PROBLEM DETAILS >>
Where an entry contains a picture, omit the picture and repeat the rest exactly.

-*-

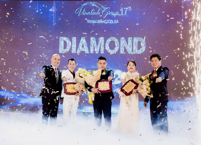 Khoảnh khắc tôn vinh trang trọng đó vừa là đánh dấu bước phát triển trong hệ thống, cũng vừa là động lực để các NPP tiếp tục vươn xa hơn nữa trong chặng đường phát triển của mình. Và cuối cùng là hình ảnh rực rỡ, sáng chói của những viên kim cương trên bầu trời Vinalink Group. Họ chính là những nhà lãnh đạo hệ thống xuất sắc, là những thủ lĩnh dẫn dắt đội nhóm lớn hoạt động tại các thị trường, hội tủ đủ bản lĩnh - trí tuệ và kinh nghiệm để ngày hôm nay đã chính thức bước chân vào đội ngũ lãnh đạo hệ thống, chinh phục cấp bậc Diamond.
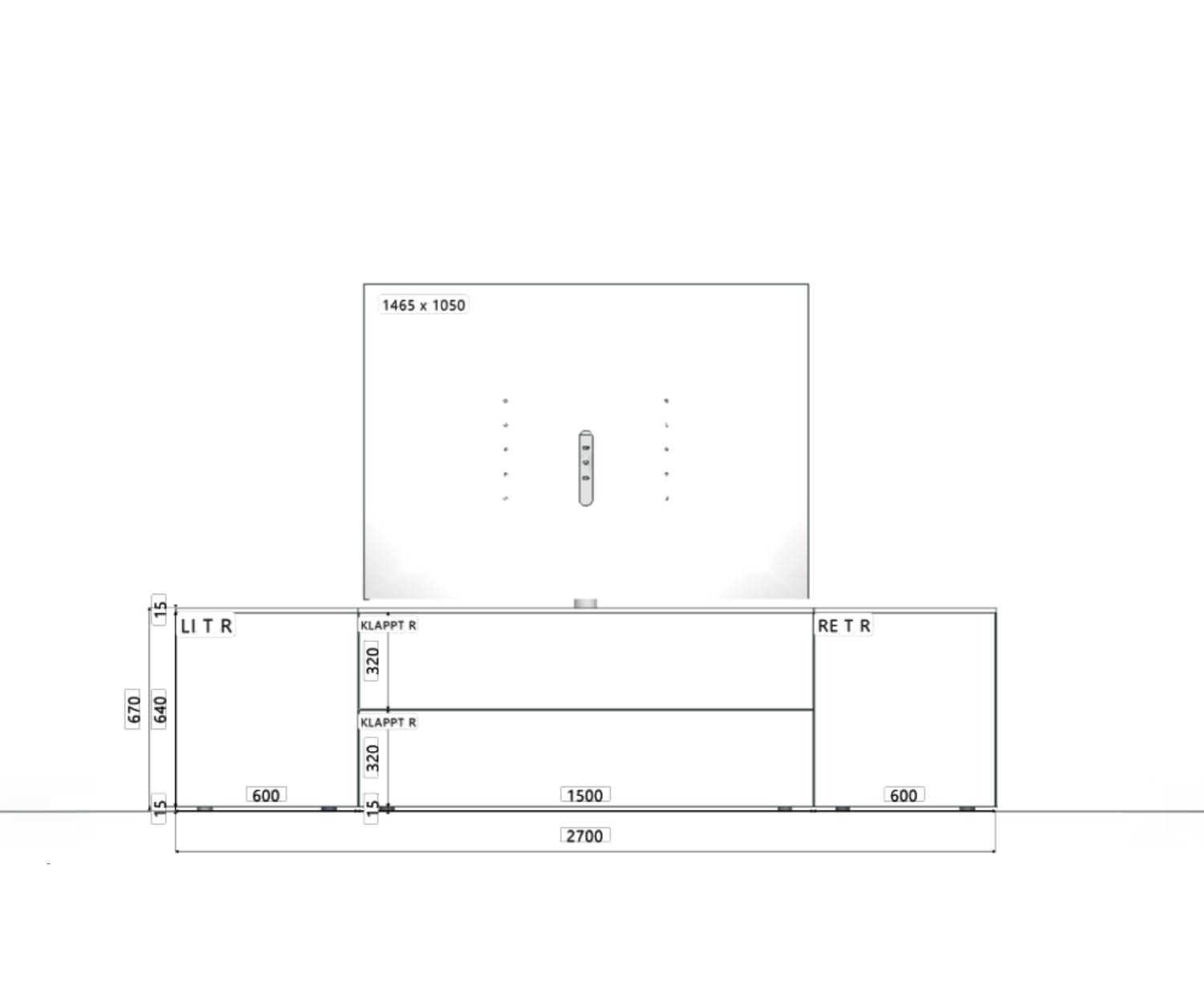 x klepdeur (midden): B 150 cm / H 32 cm
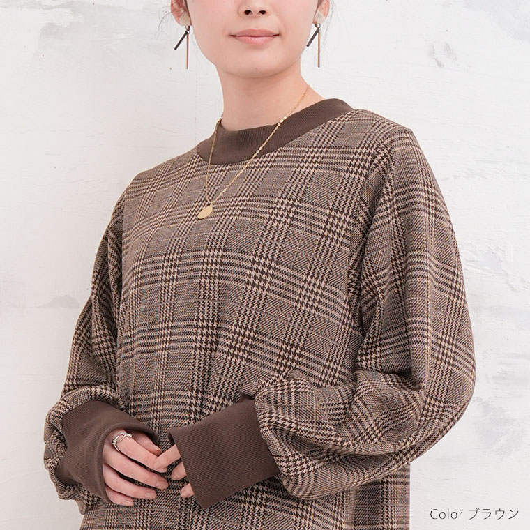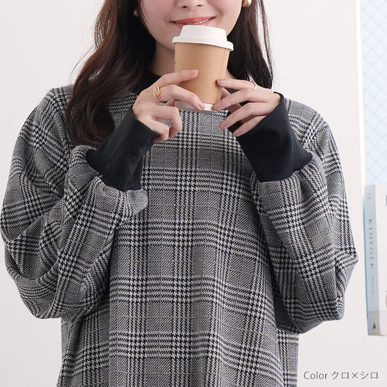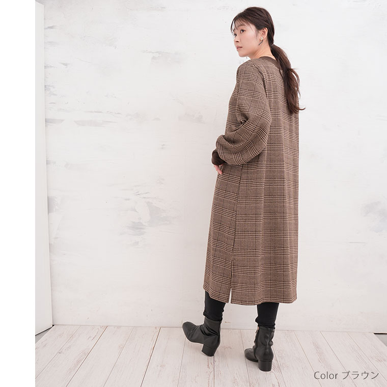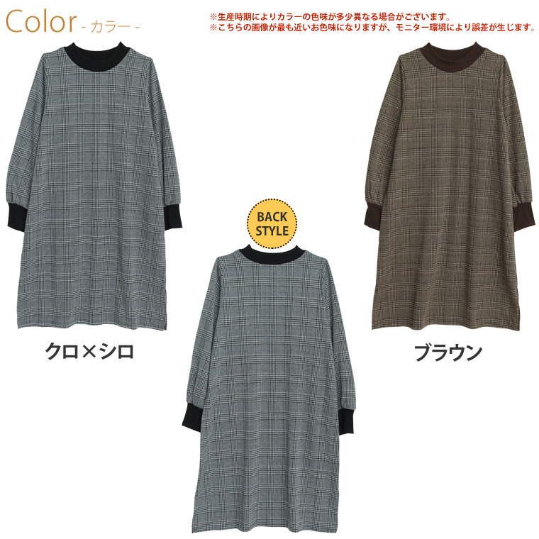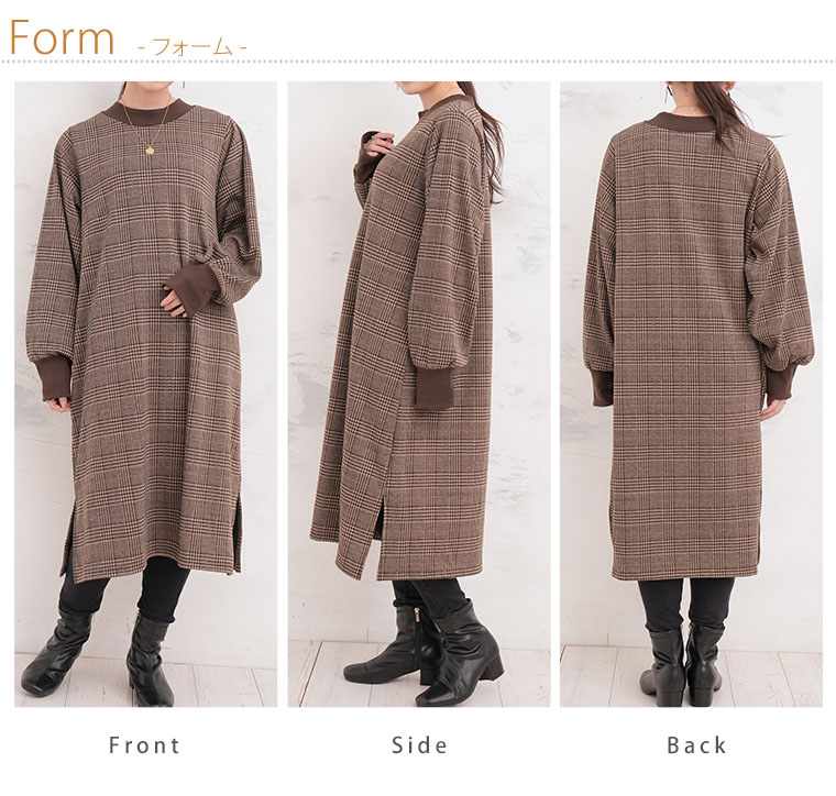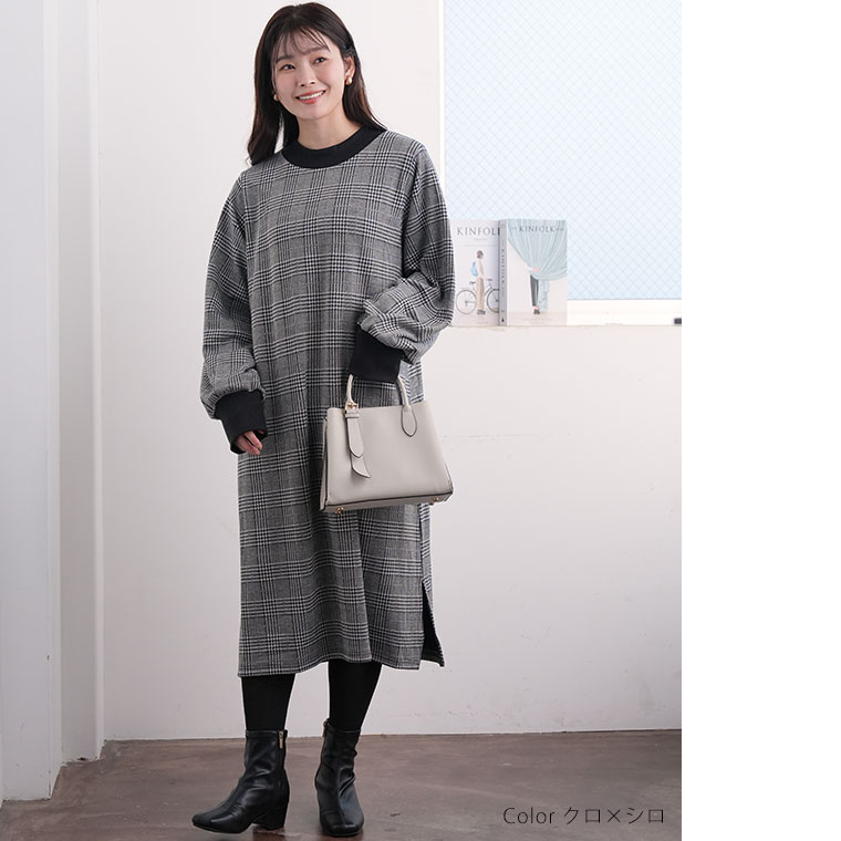 着ぶくれない裏起毛、チェック柄ワンピース。
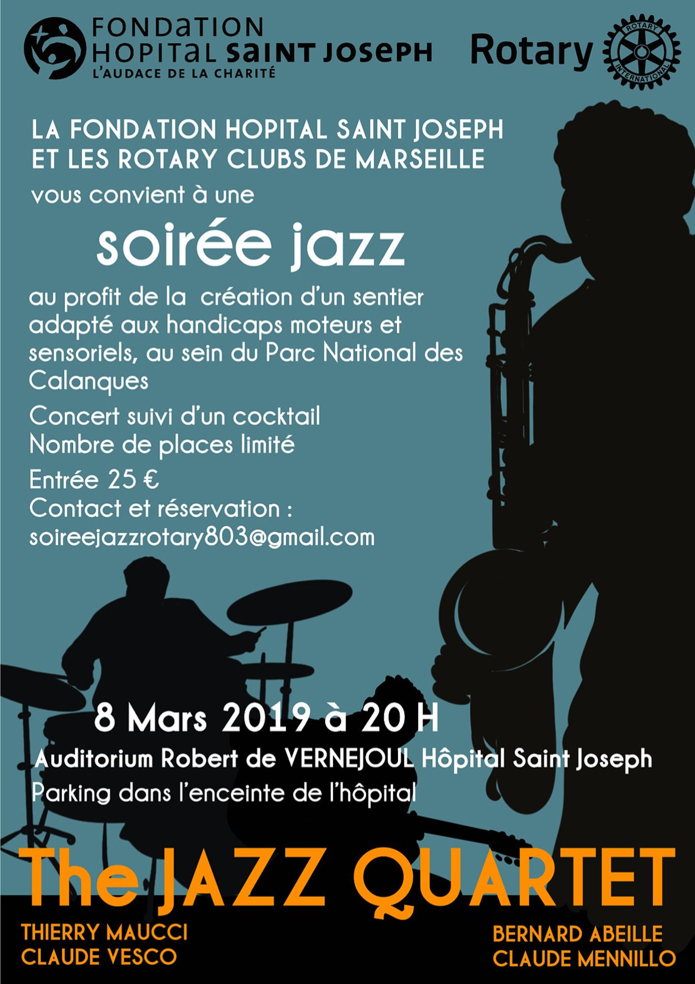 La Fondation Hôpital Saint Joseph s'associe aux Rotarys Clubs de Marseille pour un concert de jazz caritatif avec le quatuor The Jazz Quartet, le vendredi 8 mars 2019 dès 20h00, dans l'auditorium Robert de Vernejoul de l'Hôpital Saint Joseph.
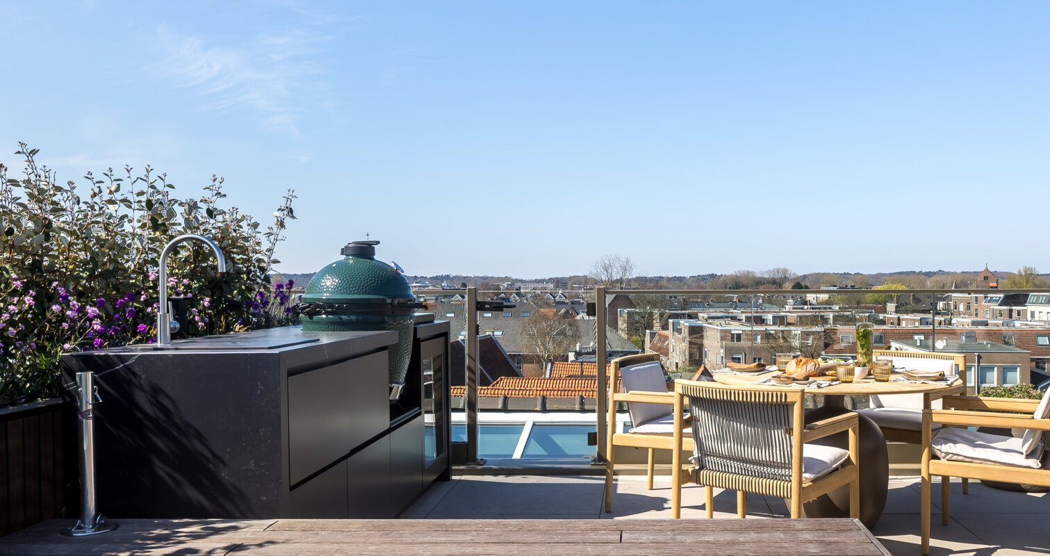 The rooftop terrace of this penthouse is exceptional, thanks to its fantastic view and ultimate luxury and comfort. As the centerpiece of the rooftop terrace, the COOXS outdoor kitchen was designed. Featuring a Big Green Egg as the focal point for culinary creations and luxury appliances such as the Fhiaba wine cooler, sink with faucet, and induction cooktop, this setup elevates comfort to the highest level. Enjoyment at its finest, in the city and in comfort.

-*-

RESPONSE >>
 Khoảnh khắc tôn vinh trang trọng đó vừa là đánh dấu bước phát triển trong hệ thống, cũng vừa là động lực để các NPP tiếp tục vươn xa hơn nữa trong chặng đường phát triển của mình. Và cuối cùng là hình ảnh rực rỡ, sáng chói của những viên kim cương trên bầu trời Vinalink Group. Họ chính là những nhà lãnh đạo hệ thống xuất sắc, là những thủ lĩnh dẫn dắt đội nhóm lớn hoạt động tại các thị trường, hội tủ đủ bản lĩnh - trí tuệ và kinh nghiệm để ngày hôm nay đã chính thức bước chân vào đội ngũ lãnh đạo hệ thống, chinh phục cấp bậc Diamond.
 x klepdeur (midden): B 150 cm / H 32 cm
 着ぶくれない裏起毛、チェック柄ワンピース。
 La Fondation Hôpital Saint Joseph s'associe aux Rotarys Clubs de Marseille pour un concert de jazz caritatif avec le quatuor The Jazz Quartet, le vendredi 8 mars 2019 dès 20h00, dans l'auditorium Robert de Vernejoul de l'Hôpital Saint Joseph.
 The rooftop terrace of this penthouse is exceptional, thanks to its fantastic view and ultimate luxury and comfort. As the centerpiece of the rooftop terrace, the COOXS outdoor kitchen was designed. Featuring a Big Green Egg as the focal point for culinary creations and luxury appliances such as the Fhiaba wine cooler, sink with faucet, and induction cooktop, this setup elevates comfort to the highest level. Enjoyment at its finest, in the city and in comfort.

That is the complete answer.